What is the value of #1/n sum_{k=1}^n e^{k/n}# ?

Question

Emilia Aguilar · Accepted Answer

#e-1# (after taking the limit as #n->oo#)

#sum_(k=1)^n e^(k/n) =sum_(k=0)^(n-1)e^(1/n)e^(k/n)# #= sum_(k=0)^(n-1)e^(1/n)(e^(1/n))^k# By the geometric sum formula #sum_(k=0)^(n-1)ar^k = a(1-r^n)/(1-r)# we have #sum_(k=1)^n e^(k/n) = e^(1/n)(1-(e^(1/n))^n)/(1-e^(1/n))# #= e^(1/n)(1-e)/(1-e^(1/n))# And so #1/nsum_(k=1)^n e^(k/n) = e^(1/n)(1-e)/(n(1-e^(1/n)))# To evaluate the above as #n->oo#, note that # e^(1/n)(1-e)/(n(1-e^(1/n))) = e^(1/n)(1-e)* 1/(n(1-e^(1/n)))# Thus, if #lim_(n->oo)e^(1/n)(1-e)# and #lim_(n->oo)1/(n(1-e^(1/n)))# both converge, then #lim_(n->oo)e^(1/n)(1-e)/(n(1-e^(1/n))) = lim_(n->oo)e^(1/n)(1-e)*lim_(n->oo)1/(n(1-e^(1/n)))# (*) By direct substitution, #lim_(n->oo)e^(1/n)(1-e) = e^(1/oo)(1-e)# #= e^0(1-e)# #=1-e# Unfortunately, we cannot use direct substitution on #lim_(n->oo)1/(n(1-e^(1/n)))# as this gives us #0*oo# in the denominator.

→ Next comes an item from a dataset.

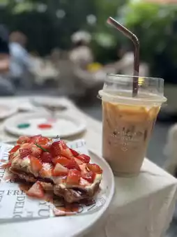 The atmosphere inside the shop is shady, with plenty of green space, along with art or artistic mess 😂 Many creative activities like drawing, painting dolls, or splattering paint in art—it's up to us to create our own masterpieces. There are also delicious food, drinks, and desserts.

Instead, we will modify the expression so we can use l'Hopital's rule. #lim_(n->oo)1/(n(1-e^(1/n))) = lim_(n->oo)(1/n)/(1-e^(1/n))# which gives us the #0/0# form needed to apply l'Hopital's rule. Doing so, we have #lim_(n->oo)(1/n)/(1-e^(1/n)) = lim_(n->oo)(d/dx(1/n))/(d/dx(1-e^(1/n)))# #= lim_(n->oo)(-1/n^2)/(e^(1/n)/n^2)# #= lim_(n->oo) -1/e^(1/n)# We can now evaluate this by direct substitution. # lim_(n->oo) -1/e^(1/n) = -1/e^(1/oo)# #= -1/e^0# #= -1# Meaning we have #lim_(n->oo)1/(n(1-e^(1/n))) = -1# So by our initial statement (*) #lim_(n->oo)e^(1/n)(1-e)/(n(1-e^(1/n))) = (1-e)*(-1) = e-1#

Ezekiel Alexander · Answer

undefined The value of $ \frac{1}{n} \sum_{k=1}^n e^{k/n} $ is $ \frac{e-1}{e} $.